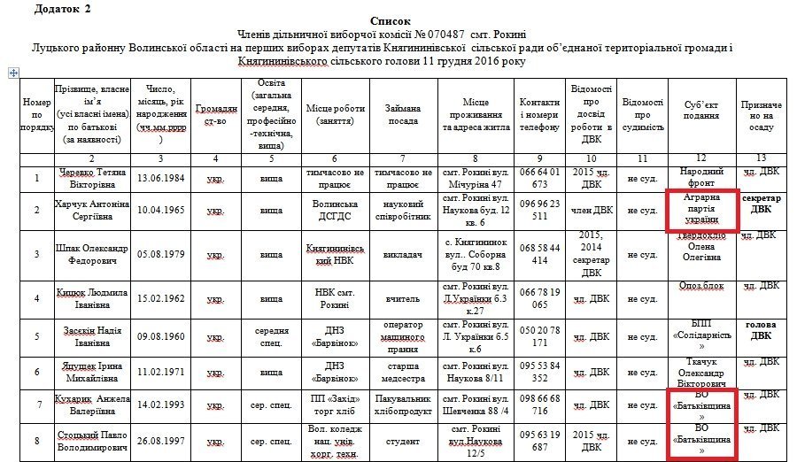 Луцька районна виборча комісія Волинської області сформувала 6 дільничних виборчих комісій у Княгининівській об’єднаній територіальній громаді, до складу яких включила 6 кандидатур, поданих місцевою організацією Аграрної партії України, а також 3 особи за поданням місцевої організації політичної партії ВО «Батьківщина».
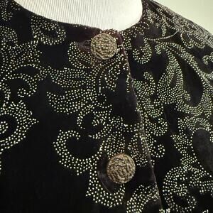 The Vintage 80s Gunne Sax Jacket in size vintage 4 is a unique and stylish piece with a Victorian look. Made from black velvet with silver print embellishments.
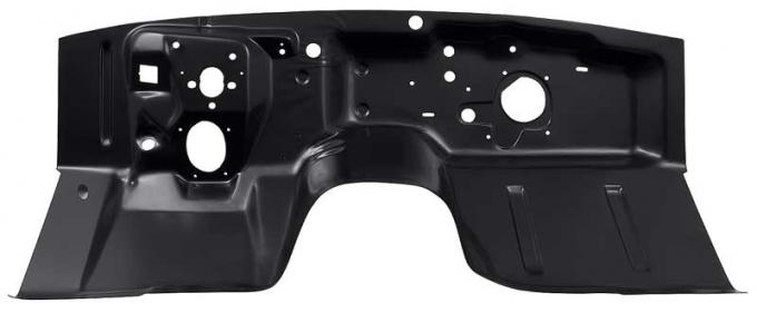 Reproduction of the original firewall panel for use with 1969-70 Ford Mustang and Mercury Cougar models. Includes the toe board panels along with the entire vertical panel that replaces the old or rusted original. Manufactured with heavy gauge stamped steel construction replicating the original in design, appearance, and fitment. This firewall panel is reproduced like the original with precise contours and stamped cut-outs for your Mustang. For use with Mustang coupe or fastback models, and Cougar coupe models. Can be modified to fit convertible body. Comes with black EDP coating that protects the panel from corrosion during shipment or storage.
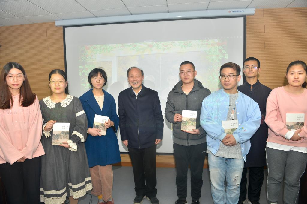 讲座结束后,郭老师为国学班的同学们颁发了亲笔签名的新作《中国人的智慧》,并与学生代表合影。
:::::
Any picture in the material is to be left out, and everything else is to be retyped as is.

▶ _Response to this task_
 Луцька районна виборча комісія Волинської області сформувала 6 дільничних виборчих комісій у Княгининівській об’єднаній територіальній громаді, до складу яких включила 6 кандидатур, поданих місцевою організацією Аграрної партії України, а також 3 особи за поданням місцевої організації політичної партії ВО «Батьківщина».
 The Vintage 80s Gunne Sax Jacket in size vintage 4 is a unique and stylish piece with a Victorian look. Made from black velvet with silver print embellishments.
 Reproduction of the original firewall panel for use with 1969-70 Ford Mustang and Mercury Cougar models. Includes the toe board panels along with the entire vertical panel that replaces the old or rusted original. Manufactured with heavy gauge stamped steel construction replicating the original in design, appearance, and fitment. This firewall panel is reproduced like the original with precise contours and stamped cut-outs for your Mustang. For use with Mustang coupe or fastback models, and Cougar coupe models. Can be modified to fit convertible body. Comes with black EDP coating that protects the panel from corrosion during shipment or storage.
 讲座结束后,郭老师为国学班的同学们颁发了亲笔签名的新作《中国人的智慧》,并与学生代表合影。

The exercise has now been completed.